Des alternatives alimentaires à la crise actuelle

Geneviève Talbot, extrait de "Récoltons les fruits de la crise : l’émergence de nouveaux systèmes alimentaires", Nouveaux Cahiers du socialisme, no. 25, hiver 2021.

La pandémie de COVID-19 aura fait voir les failles de plusieurs systèmes publics, que ce soit le système de santé ou les systèmes alimentaires. La crise aura démontré que ces systèmes, les bénéfices et bienfaits qu’ils génèrent et les personnes qui les soutiennent ne sont pas appréciés à leur juste valeur et qu’ils ne sont pas suffisamment protégés. Ainsi, en mars 2020, la fermeture des frontières a posé avec acuité la question de la sécurité et de la souveraineté alimentaire : pourrons-nous produire suffisamment de fruits et légumes au Québec ? Arriverons-nous à nourrir la population québécoise ? Marcel Groleau, président de l’Union de producteurs agricoles, a rappelé que le taux d’autosuffisance alimentaire du Québec ne dépasse pas présentement 30 %, et que plus de 40 % des fruits et légumes consommés en hiver viennent des États-Unis. En d’autres termes, la COVID-19 constitue un signal d’alarme pour les systèmes alimentaires, un signal qu’il faut entendre : on produit pour exporter, mais ce qu’on consomme provient en majorité de l’importation. Un autre constat s’ajoute : notre capacité de production agricole dépend des travailleurs migrants. En mettant à l’arrêt la circulation des biens et des personnes, la pandémie aura fait ressortir la faiblesse des systèmes alimentaires, et comment la marchandisation de l’agriculture fragilise les populations.

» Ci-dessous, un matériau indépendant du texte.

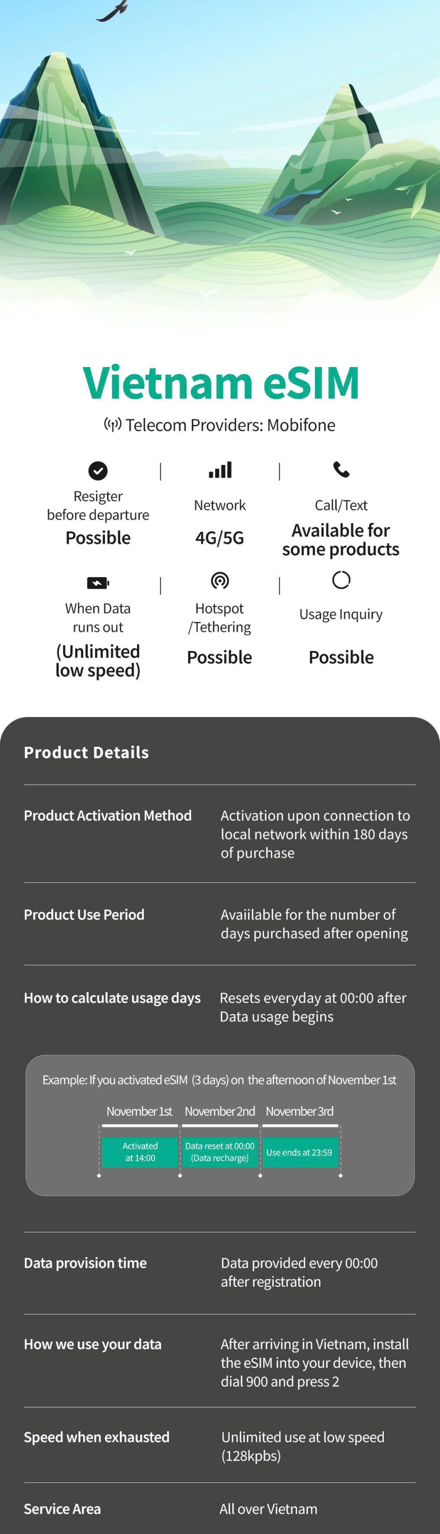 Get instant high-speed data connection as soon as you arrive in Vietnam! The eSIM is quick to install and use, ensuring stable internet access from the moment you begin your trip. It seamlessly supports a variety of popular apps, allowing you to seamlessly use maps, translation, and taxi-hailing apps, making it incredibly convenient to travel. Another major advantage is that it activates instantly with a QR code scan, eliminating the need to pick up a separate SIM card or swap out your old one. Enjoy a light and free trip to Vietnam with this eSIM, worry-free and worry-free!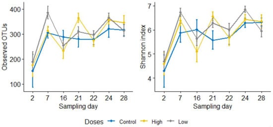 Enrofloxacin altered the richness and evenness of gut microbiota significantly; both metrics were lower at the 24 h post-treatment samples, compared to the 72 h post-treatment samples when the data of the high and the low dose groups were combined. This was expected, since the active concentration of enrofloxacin and ciprofloxacin reaches its maximum concentration in the intestine around 24 h post-inoculation, as reported in a previous study []. When examining the high dose group (pre-treatment versus post-treatment) and the low dose group (pre-treatment versus post-treatment) separately, there was no significant change in microbial richness between pre- and post-treatment samples in either group. However, microbial evenness was significantly altered in the post-treatment samples (Days 22 versus 24, p = 0.008, adj. p = 0.068) of the low dose group but not the high dose group (p > 0.05). Furthermore, microbial diversities between groups measured by the beta-diversity metric (i.e., Bray–Curtis) have indicated a significant difference between pre-and post-treatment microbial community structures, as well as a significant difference between the high dose and the low dose groups.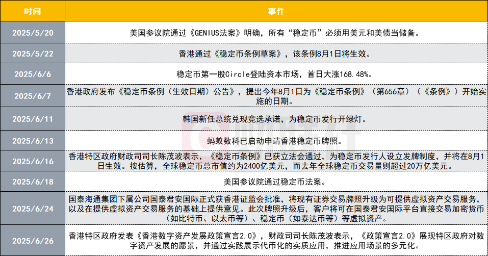 (上图:近期稳定币大事件一览,截止时间:2025.6.26)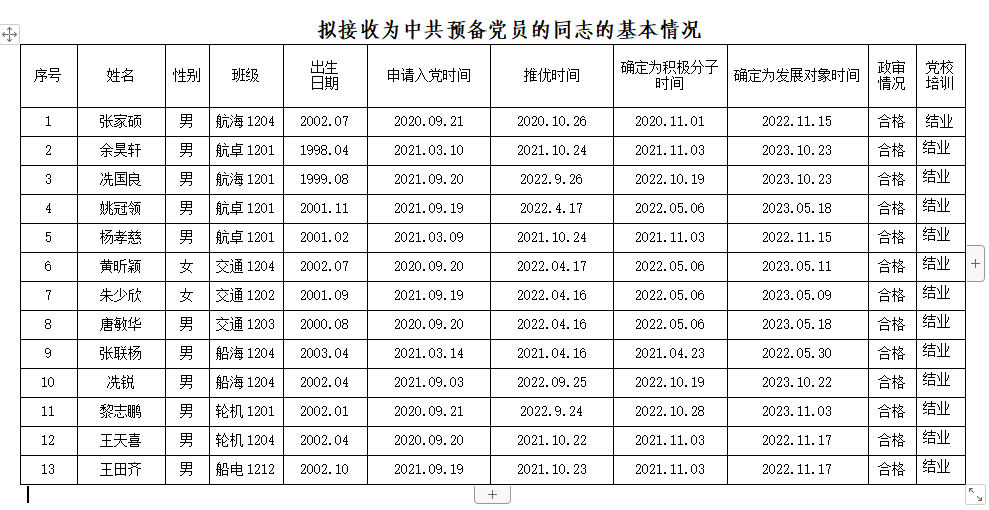 根据《广东海洋大学发展党员工作实施细则》规定,经本人提出申请,党组织培养考察,支委会审查研究决定,经学院党委预审通过,拟接收冼国良等13名同志为中共预备党员。现将有关情况予以公示,征求党员、群众意见。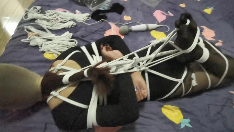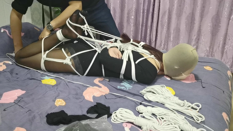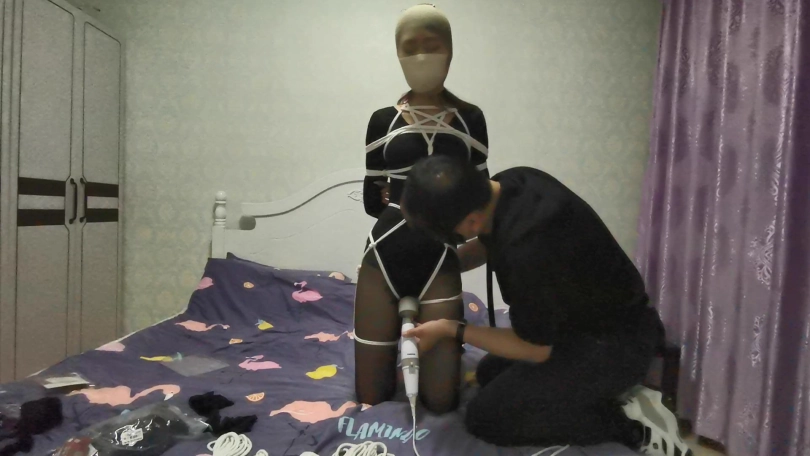 瑾萱穿着黑色丝袜和练功夫还是很有型的。用百米长的绳子将她全身紧紧的捆绑成驷马,脚趾也不放过。嘴里塞着丝袜,医用胶布封嘴防止她吐出来。在给她戴上口超限制呼吸。丝袜套住她的头,白色的口罩在丝袜头套里若隐若现很有感觉。[不可描述]棒刺激着她的下面,没过多久瑾萱就受不了求饶了。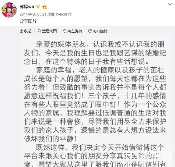 2014年,陈婷开了新浪微博,自我介绍言简意赅——张艺谋妻子 陈婷。在第一篇微博中,她也坦言开博的目的就是为了晒她与张艺谋的生活。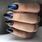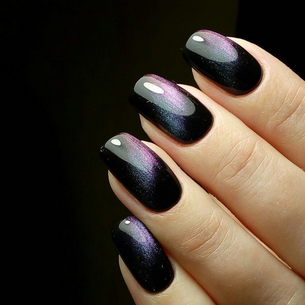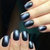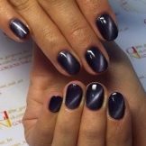 In nature, there is a mineral called "cat's eye." It is characterized by unusual futuristic coloring. Manicure with a similar name is intended to repeat it. The special component of the varnish is metallic dust, which adds shine and creates a texture similar to a precious stone during processing. For impact use a magnet. The cat's-eye technique looks spectacular on black lacquer, as metallic magnetic divorces create cosmic drawings.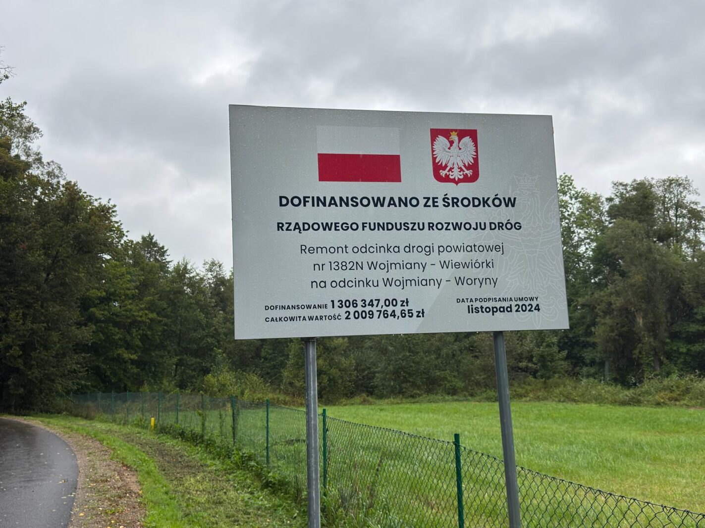 Dziś, 11 września 2025r. dokonano otwarcia trzeciego, a zarazem ostatniego etapu przebudowy drogi powiatowej nr 1382N Wojmiany – Wiewiórki na odcinku drogi Wojmiany – Woryny o długości 2,172 km.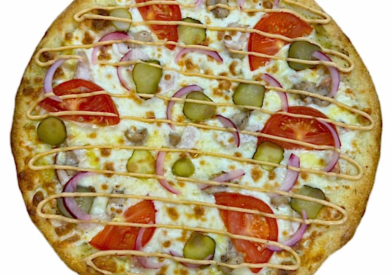 Бекон, куриное филе, пепперони, креветки, перец холопеньо, огурец маринованный, соус Pin-Up соус красный, соус Терияки, сыр Гауда, сыр Моцарелла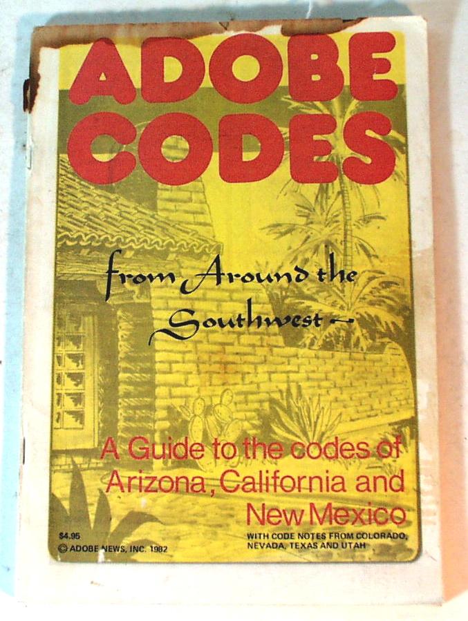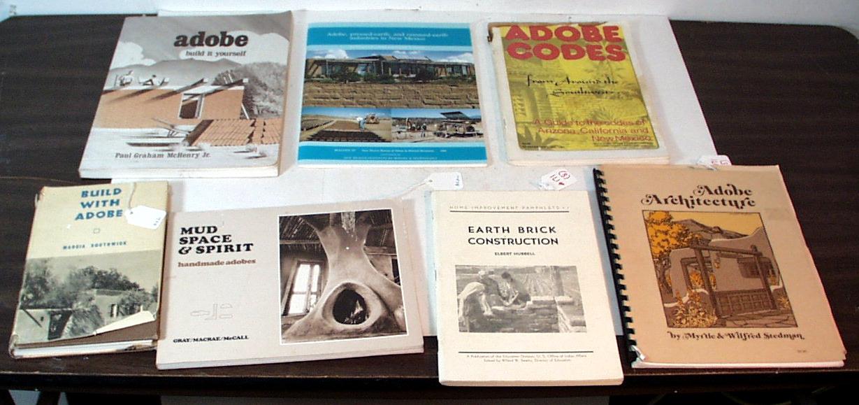 A collection of 7 books covering the process involved in building with Adobe. Early 1970s. Hard and softcover. Good condition. Adobe Codes from Around the Southwest, a guide to the codes of Arizona, California, and New Mexico. 1982. some water staining. 2) Adobe, pressed-earth, and rammed-earth industries in New Mexico. 1989. very good condition. 3) Adobe build it yourself by Paul McHenry. 1974. Good condition. 4) Adobe Architecture by Myrtle and Wilfred Stedman. 1973. Good condition. 5) Earth Brick Construction by Elbert Hubbell. 1943. Good condition. 6) Mud Space and Spirit; handmade adobes by Gray/Macrae/mcCall. 1976. Good condition. 7) Build with Adobe by Marcia Southwick. 1965. Good condition, dust jacket tearing.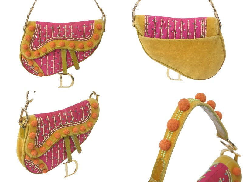 CHRISTIAN DIOR クリスチャンディオール ガリアーノ期 サドルバッグ ショルダーバッグ Limited Edition 0571 ベルベット ビーズ 美品 中古 4c075937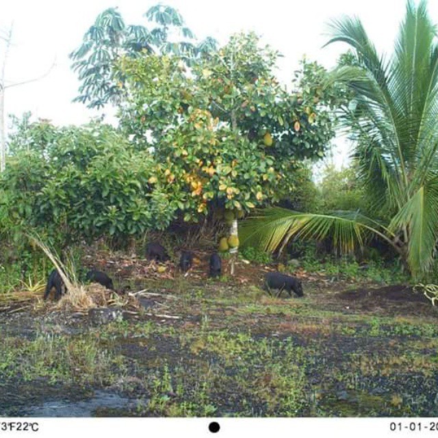 YEP...I GOT PIGGIES!!...these feral piggies can have all the jackfruit they want but STOP destroying my pineapple patch :( ...can't see it in the picture but pumpkin patch is to the far right...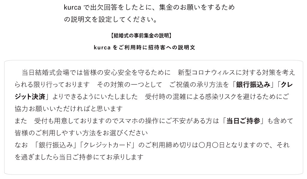 パーティーの会費や祝儀の事前決済などでご利用していただく場合には必ずお読みください。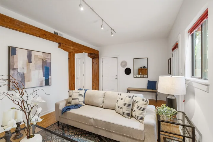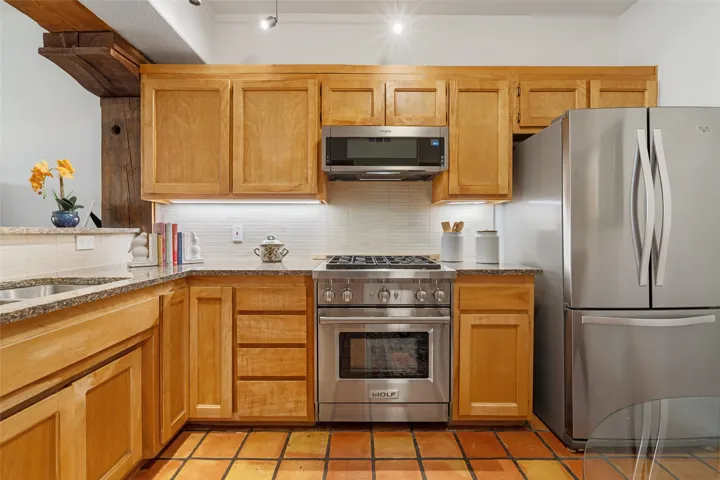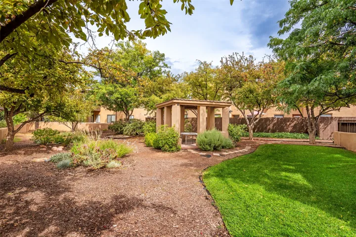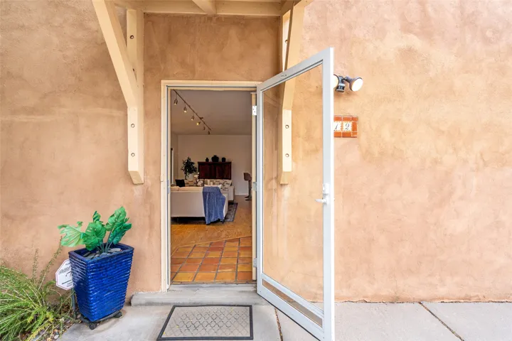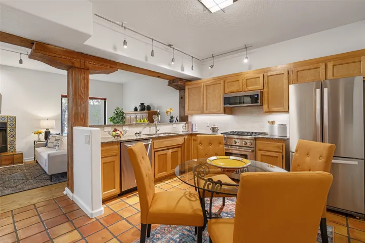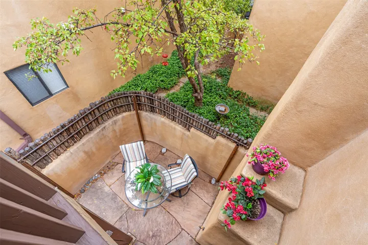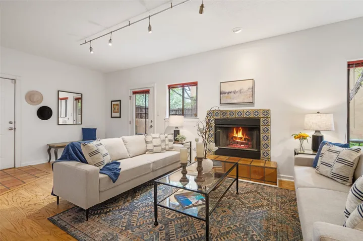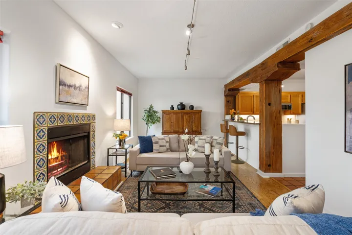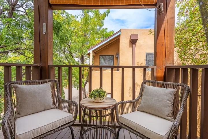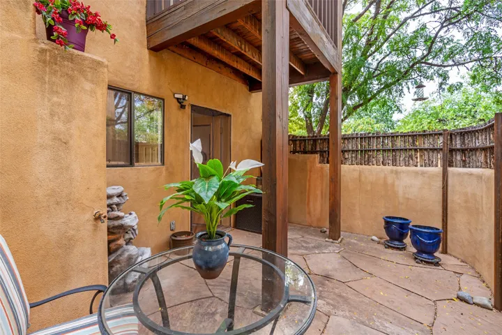 Tucked into the Westside/Guadalupe Historic District neighborhood, is a quiet, private condo compound just five minutes to the Railyard, Farmerās Market, Sky Cinemas, dining, and galleriesāmaking every day feel like a Santa Fe adventure. This 2-bed, 3-bath home blends charm with thoughtful updates. The living area is highlighted by vigas and beams that evoke timeless Southwest charm. The kitchen features a Wolf gas stove, stainless steel appliances, stylish under-cabinet lighting, silestone countertops and ample storage with a backsplash and microwave installed in 2023. A cozy fireplace, central air, and newer Skuttle humidifier bring year-round comfort. Enjoy the flagstone patio off the living area enclosed by stucco, newer coyote fencing and a newer gate, plus a deck off the primary suite for relaxing sunsets. Additional perks include tub/tile/faucets installed 2023 in the guest bath, a one-car garage with high ceilings and storage shelves, a laundry area, and a prime location in the heart of the Railyard. Bring Santa Feās best right to your doorstep.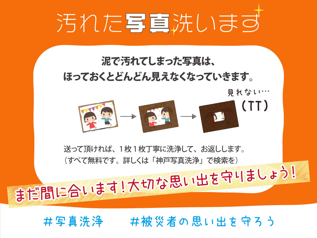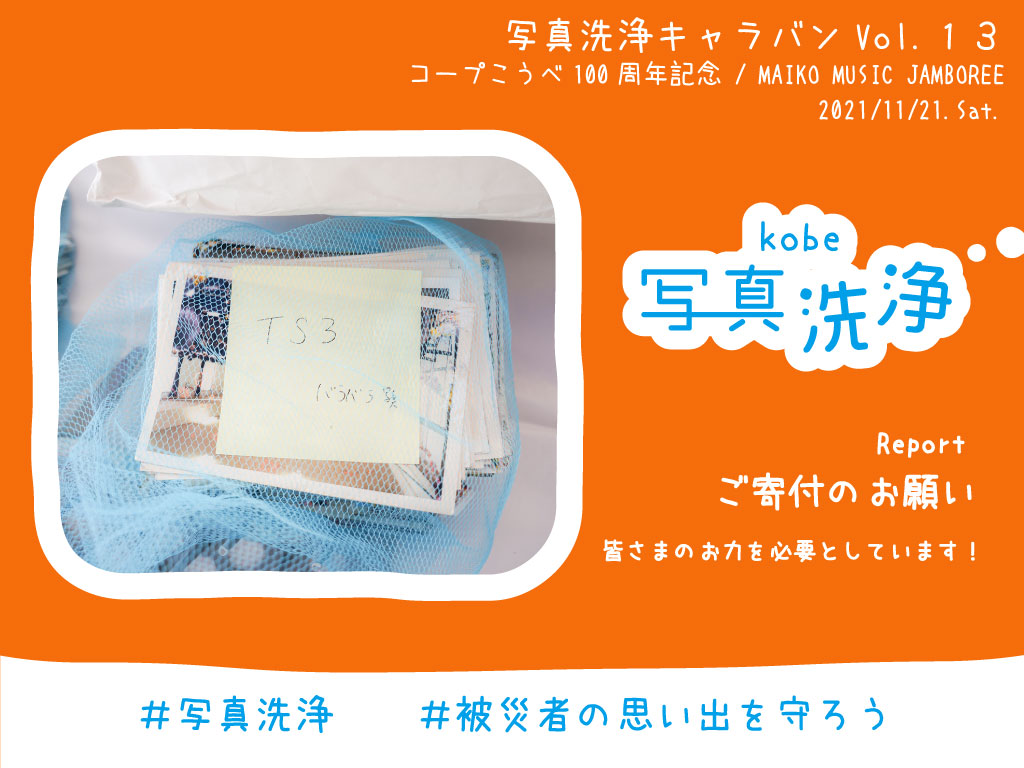 活動報告書_2021年度_11月 被災支援ボランティア団体 「おたがいさまプロジェクト」 被災支援ボランティア団体「おたがいさまプロジェクト」の 2021年11月の活動報告になります。 被災者の大切な思い出を守るため、地元神戸で、泥で汚れた写真を 1枚1枚丁寧に洗浄しました。 ※新型コロナウイルス感染拡大防止対策を徹底しての活動となりました。 活動場所被災地情報 西日本豪雨被害状況(2018年7月) 平成30年7月豪雨により、西日本を中心に、広域的かつ同時多発的に河川の氾濫、がけ崩れ等が発生。これにより、死者223名、行方不明者8名、家屋の全半壊等20,663棟、家屋浸水29,766棟の極めて甚大な被害が広範囲で発生。 岡山県倉敷市の被災状況 小田川(倉敷市真備町)では、洪水浸水想定区域と実際の浸水範囲がほぼ一致にもかかわらず、51名が死亡。特に死者の約8割が70歳以上。ハザードマップで示された想定浸水区域とほぼ一致する区域が浸水。 一番被害の多かった倉敷市真備町では未だ、約100人の被災者が建設型住宅での暮らしを余儀なくされている。 ・令和元年台風19号による被害等(2019年10月) 台風19号では、死者90名、行方不明者9名、住家の全半壊等4,008棟、住家浸水70,341棟の被害が。栃木県では死者4名、住家の全半壊等1,264棟、住家浸水13,200棟の被害。 <台風19号被害の特徴> ・年代別の犠牲者を近年の災害と比較すると、60代以上の被害が多い。また、屋外で犠牲になった比率が高い。洪水関連の犠牲者が多い。 ・「洪水」「河川」犠牲者の5割強が浸水想定区域内。 ・ここ5年間の水害・土砂災害の中で死者数・行方不明者数が2番目に多い。 <栃木市において> 栃木市では、台風後人口が大幅に減っており、特に浸水被害が大きかった地区では100人以上も減少。高齢化も著しく、自治会関係者らからは「コミュニティーを維持できなくなる」と不安の声が漏れている。 1.写真洗浄 日時/場所 ボランティア数 11月06日(土)10:00~12:00 @ 科学技術高等学校 / 述べ46名 11月13日(土)13:00~15:00 @ コープこうべ桜塚ふれあいセンター / 述べ25名 11月21日(日)13:00~15:00 @ 舞子公園 / 述べ46名 11月27日(土)10:00~12:00_13:00~15:00 @ ボランティアルーム / 述べ23名 受益対象者地域受益対象者数 作業枚数 倉敷市真備町(西日本豪雨)/ 栃木県栃木市(令和元年台風18号) 約136名 556枚 支援・協力団体 真備町写真洗浄@あらいぐま岡山(作業指導等) 追手門学院大学 社会福祉部(協力)、神戸市立科学技術高等学校(協力) コープこうべ第6地区本部・大阪北地区本部 内容 ①写真洗浄 ②プチ防災セミナー その他 コープともしびボランティア振興財団の助成事業になります。 詳細 ① 写真洗浄- ※写真洗浄とは 「写真洗浄」とは、自然災害の中でも、主に水害によって汚れてしまった写真を、1枚ずつ丁寧に洗浄する復興支援活動です。 具体的には、汚れてしまった写真はバクテリアが周りから浸食して白くなり、やがて写っているものが見えなくなっていくため、水とエタノール水溶液を使って洗浄します。 この活動は、現地に向かわずとも被災者に寄り添えることができ、また力仕事に自信がない方やボランティア初心者に特に向いています。 <活動の成果> 1.被災者の思い出を守り、復興支援への後押しをする事ができた。 2.写真洗浄ボランティアを世間に広める一助となった。 3.被災地ではない地域で、復興支援を行えた。 4.過去の文化財(写真)の遺失を防ぐことができた。 5.写真洗浄を通して被災地の現状を伝える事ができた。 6.被災地の現状を伝えることで、災害の風化を防ぐ一助となった。 7.地元の支援団体や学校と協同することで、防災への連携強化に繋がった。 遠方でも出来る復興支援 体力には自信が無かったり遠方で行けなかったりするが、「被災地の役に立ちたい」 という多数の声を伺い、地元で復興支援が出来ないかと本企画を立ち上げたところ、 ご年配の方も含め、多少の障害を持っている方や親子連れの参加もあり十分な手応え を感じおります。※活動にあたり、写真洗浄の第一団体である「真備町写真洗浄」様 に写真提供やアドバイスを頂いております。 学生と手を取り合って 2年越しに神戸市立科学技術高等学校の文化祭において出張の写真洗浄を行うことができました。コロナ禍において学生のみの文化祭となりましたが、生徒会の方が率先してサポートして頂いたおかげで、30人の学生の方に写真洗浄を通じて、復興支援や防災・減災について考えていただける時間をご提供できました 地域と手を取り合って コープこうべさまとは昨年から写真洗浄場所のご提供を頂いており、100周年のイベントの一環ではオンライン配信で当団体を紹介していただきました。今月は大阪北地区本部下の写真洗浄、そして100周年イベントのひとつである、音楽フェスタ「MAIKO MUSIC JAMBOREE」を舞子公園で実施され、当団体の写真洗浄を出店させていただきました。 当日は写真洗浄をご存じない方が多く、特に家族連れの方に写真洗浄を知っていただく大切な機会とな

Toutefois, la crise a aussi permis d’entrevoir de nouveaux systèmes alimentaires, plus résilients, alors que les communautés se mobilisent pour combler les lacunes des systèmes alimentaires et que les autorités publiques adoptent des mesures extraordinaires pour garantir la production et l’approvisionnement de nourriture. Certaines décisions du gouvernement Legault, comme la promesse de rabais d’électricité pour la production en serre afin de faciliter la production à l’année, ainsi que le lancement du Plan pour une agriculture durable, en octobre dernier, constituent des leviers sur lesquels les mouvements citoyens peuvent agir et ainsi permettre l’émergence de systèmes alimentaires résilients et mieux adaptés au contexte actuel. Or, la venue de ces nouveaux systèmes alimentaires, qui remettent en question le modèle néolibéral sur lequel est fondé le système dominant, fait face à de sérieux adversaires.